Allow Binaries on Linux to Run on Well Known Privileged Ports
-
If you want to run a normal binary on Linux that will end up using a well known port (that is port 1024 and below, such as 80, 443, 25, etc.) you will generally be blocked by the kernel from doing this for safety reasons. You will need to do a setcap command to allow that binary to bind to that port. Very easy, but very hard to diagnose when things don't work.
setcap CAP_NET_BIND_SERVICE=+eip /path/to/binary
-
An example of this is a Gitea server binary. We have to do this every time that we update the package.
-
-
@Pete-S said in Allow Binaries on Linux to Run on Well Known Privileged Ports:
FYI
https://mangolassi.it/topic/25022/bind-linux-process-to-well-known-web-ports-when-not-rootI THOUGHT I had posted that, but I couldn't find it in a search. lol
-
Yeah, me too.
The search is not particularly good on nodebb.If you search for net_bind you would assume it would find both these post but it finds nothing.
Since this site isn't index by google and others anymore you can't use those to search either.
-
@scottalanmiller said in Allow Binaries on Linux to Run on Well Known Privileged Ports:
Very easy, but very hard to diagnose when things don't work.
Yep, couldn't figure out why MeshCentral wouldn't work after OS upgrade.
This was it. -
@Pete-S said in Allow Binaries on Linux to Run on Well Known Privileged Ports:
The search is not particularly good on nodebb.
Let's face it, it's crap.
-
@Pete-S said in Allow Binaries on Linux to Run on Well Known Privileged Ports:
Since this site isn't index by google and others anymore you can't use those to search either.
Yeah, no kidding.
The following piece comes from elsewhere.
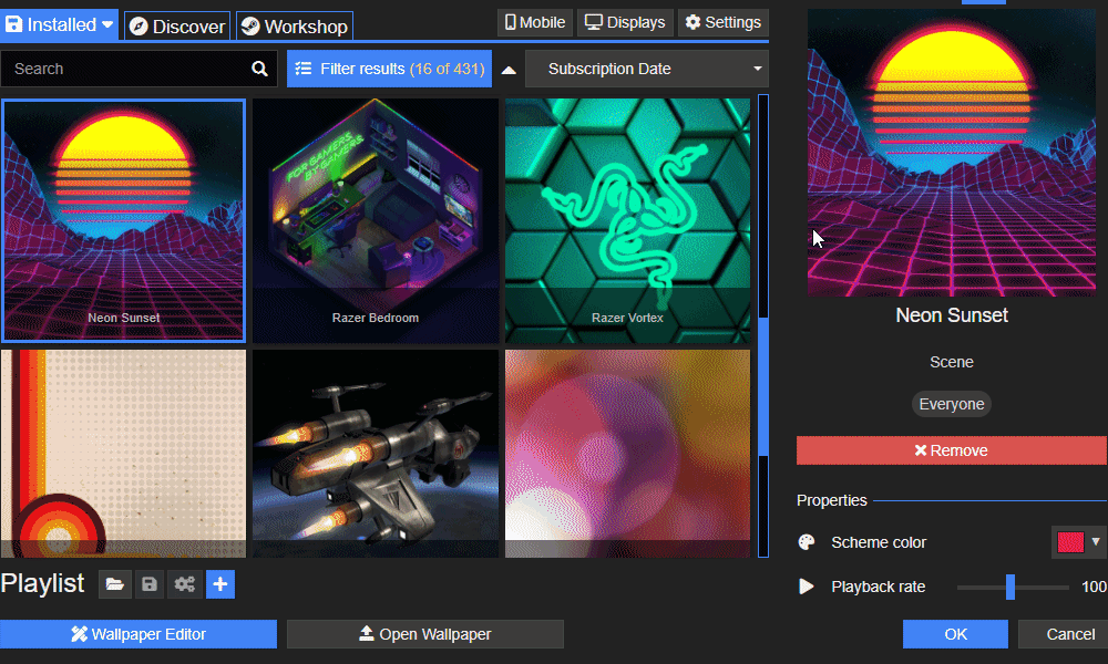 随着时间的推移,我们收到的一个普遍请求是每个工作日配置一张壁纸的方法。 在本次更新中,我们引入了新的工作日播放列表。 只需在 Wallpaper Engine 的已安装选项卡中将最多七张壁纸添加到播放列表,然后在播放列表部分单击配置并从中选择星期几选项。 您还可以在其中找到现有的播放列表选项,例如当日时间播放列表类型。

I have no idea why, though.
-
@Pete-S said in Allow Binaries on Linux to Run on Well Known Privileged Ports:
If you search for net_bind you would assume it would find both these post but it finds nothing.
It seems to only search "words", and that isn't a word or part of a word.
-
@Obsolesce said in Allow Binaries on Linux to Run on Well Known Privileged Ports:
@Pete-S said in Allow Binaries on Linux to Run on Well Known Privileged Ports:
If you search for net_bind you would assume it would find both these post but it finds nothing.
It seems to only search "words", and that isn't a word or part of a word.
That does seem to be the case. It's not smart at all.